SSH Cheatsheet
External Resources:
- https://cheatsheet.dennyzhang.com/cheatsheet-ssh-a4
- https://docs.ycrc.yale.edu/clusters-at-yale/access/advanced-config/
Proxy Jump
Method 1
Using your key for SSH to bastion and using your key to SSH to target host:
Host *
Port 22
User ubuntu
StrictHostKeyChecking no
UserKnownHostsFile /dev/null
ServerAliveInterval 60
ServerAliveCountMax 30
Host jump-host
HostName bastion.domain.com
IdentityFile ~/.ssh/bastion.pem
Host target-a
HostName target-a.pvt.domain.com
IdentityFile ~/.ssh/target_a.pem
ProxyJump jump-host
Method 2
Using your key to SSH to bastion and using the remote key on B to SSH to the target host:
Host *
Port 22
User ubuntu
StrictHostKeyChecking no
UserKnownHostsFile /dev/null
ServerAliveInterval 60
ServerAliveCountMax 30
Host jump-host
HostName bastion.domain.com
IdentityFile ~/.ssh/bastion.pem
Host target-b
HostName target-b.pvt.domain.com
IdentityFile /home/ubuntu/.ssh/id_rsa
ProxyCommand ssh -o 'ForwardAgent yes' jump-host 'ssh-add && nc %h %p'
Method 3
One liner:
ssh -i ~/.ssh/target.pem -o ProxyCommand="ssh -W %h:%p -i ~/.ssh/id_rsa -q ubuntu@bastion.domain" ubuntu@target.domain
SOCKS5 SSH Tunnel
To run a socks5 ssh tunnel in the foreground:
ssh -D 1337 -q -C -N jump-host
To run a forked socks5 ssh tunnel in the background:
ssh -D 1337 -q -C -N -f jump-host
SSH Tunnel
Setup a local tunnel accessible on port 8080 which will traverse via the tunnel to access port 9100 on target-a which is only accessible locally on the remote end.

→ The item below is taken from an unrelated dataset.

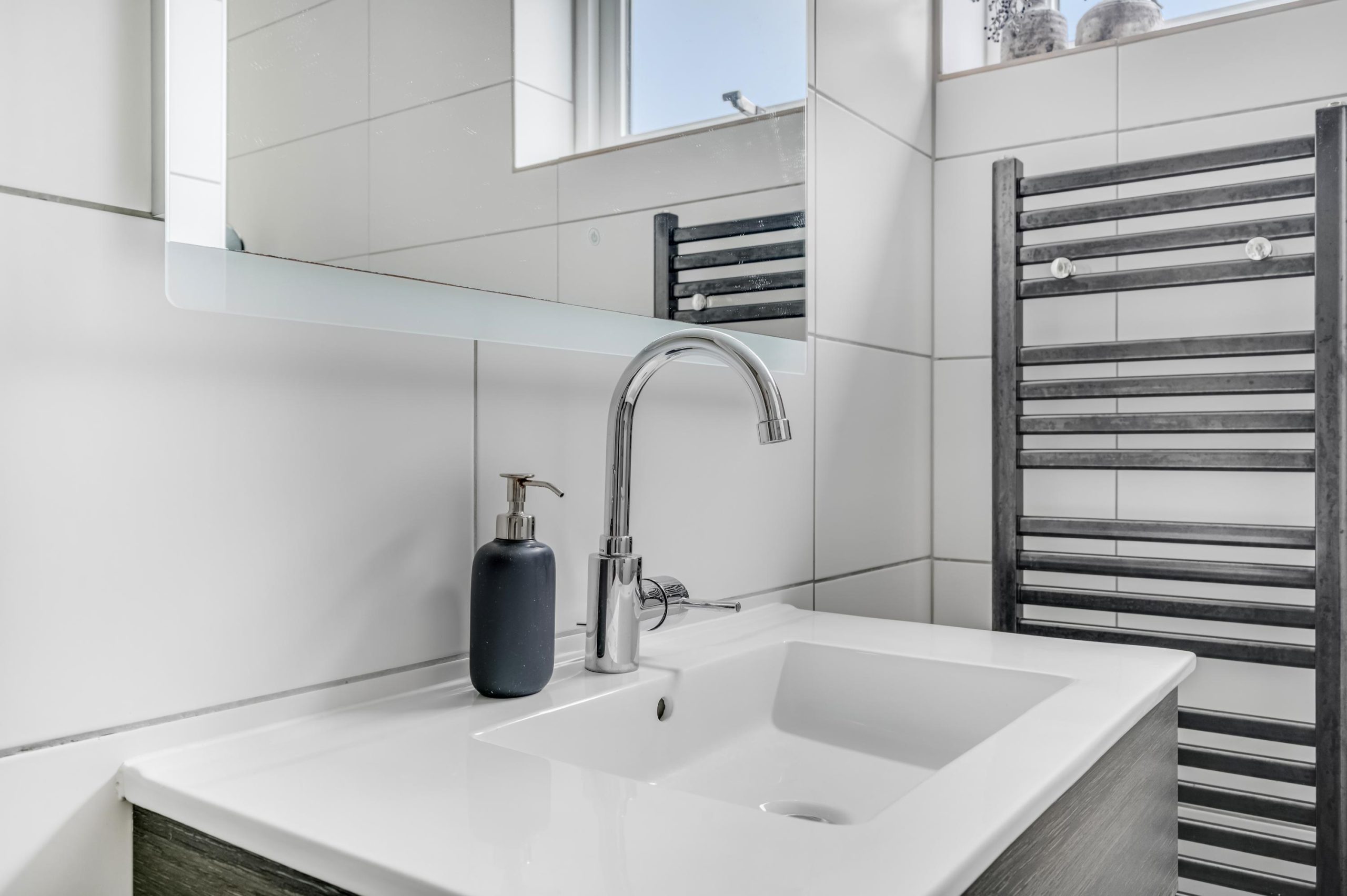De badkamer is geheel betegeld en beschikt over een ruime douche met regendouche, wastafelmeubel, designradiator en tweede toilet.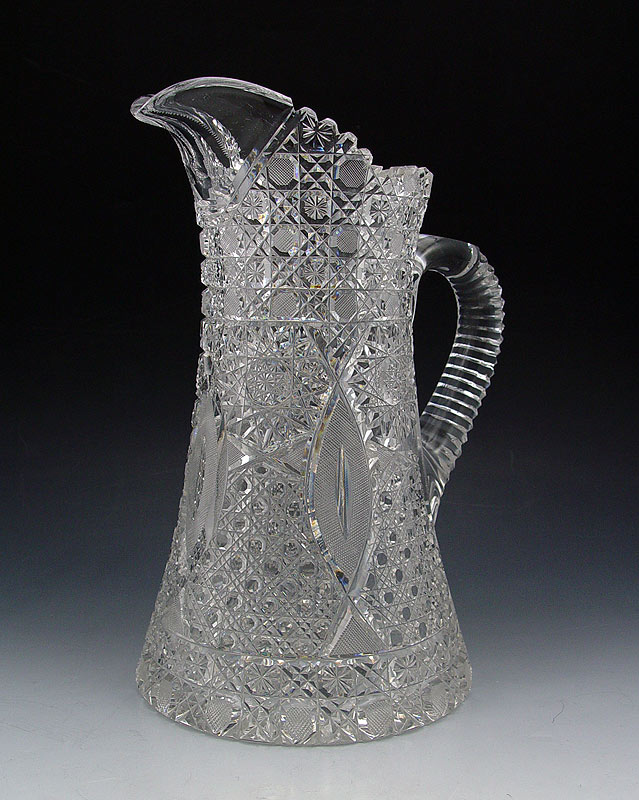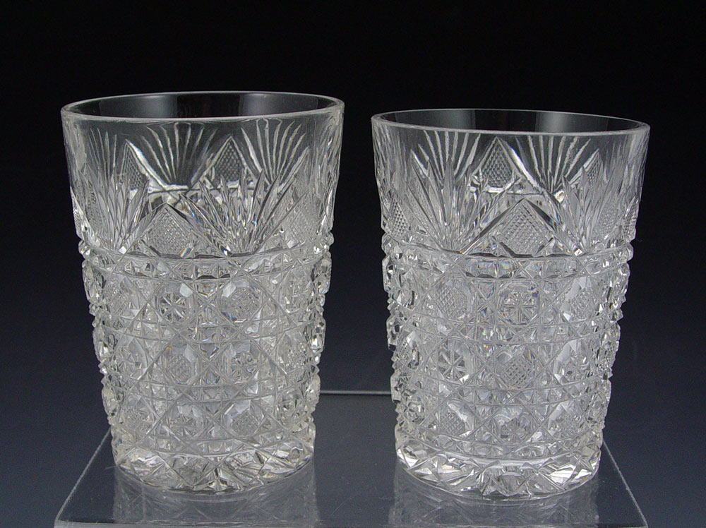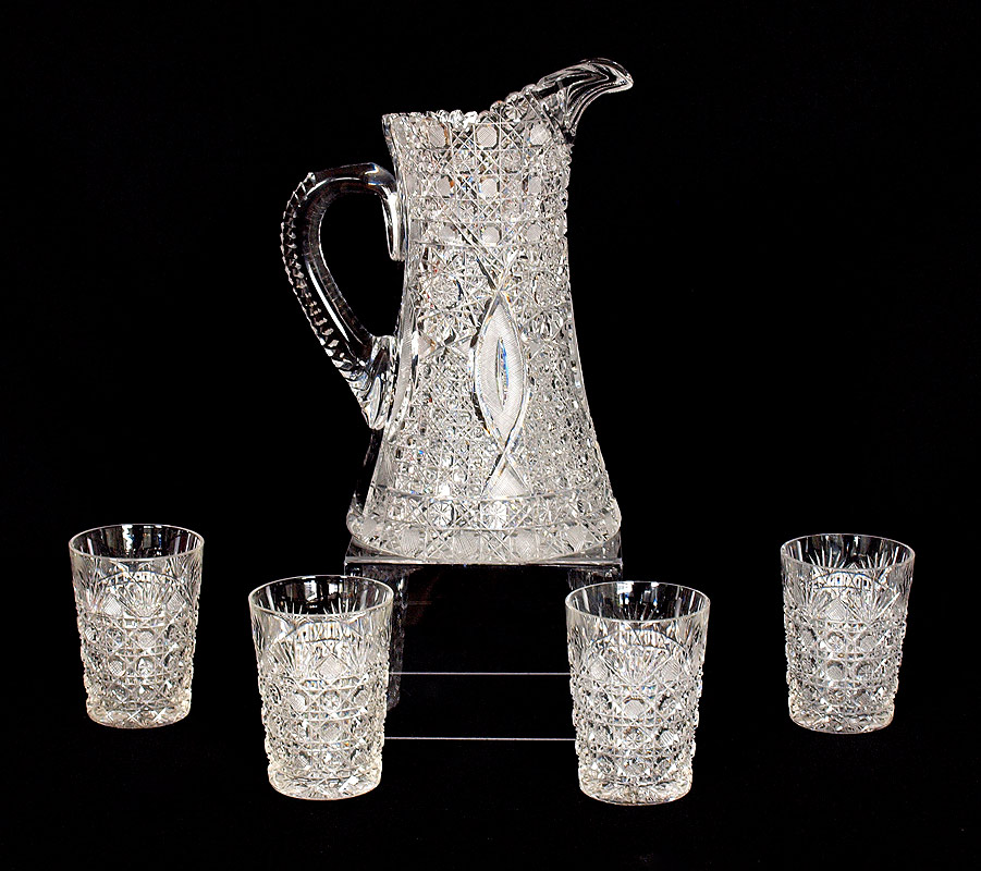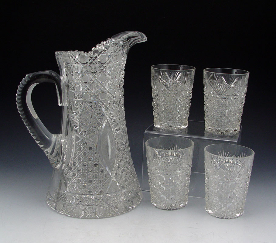 AMERICAN BRILLIANT PERIOD CUT GLASS PITCHER & 4 TUMBLERS: Excellent example of patterns, the pitcher 10 1/2''h., the tumblers 4'' more or less.

First to setup our SSH Config (optional):
$ cat ~/.ssh/config
Host jump-host
HostName jump-host.mydomain.com
Port 22
User ruan
IdentityFile ~/.ssh/id_rsa
Host target-a
Hostname 172.31.16.3
User ec2-user
IdentityFile ~/.ssh/id_rsa
ProxyCommand ssh -o 'ForwardAgent yes' jump-host 'ssh-add && nc %h %p'
Method 1
This ssh session will log you into the remote server, so the session will remain active as long as you are logged in:
$ ssh -L 8080:localhost:9100 target-a
Method 2
Then we can do the same, but fork the ssh session to the background:
$ ssh -fN -L 8080:localhost:9100 target-a
To kill the session, you can get the pid
by running: ps aux | grep '8080:localhost:9100'
, and then kill the pid with: kill $pid
Method 3
Then we can do the same, but run the ssh session in the forground:
$ ssh -fN -L 8080:localhost:9100 -CqN target-a
Now when you try to access port 8080 locally, you will see that we can reach port 80 on the remote target:
$ nc -vz localhost 8080
Connection to localhost port 8080 [tcp/*] succeeded!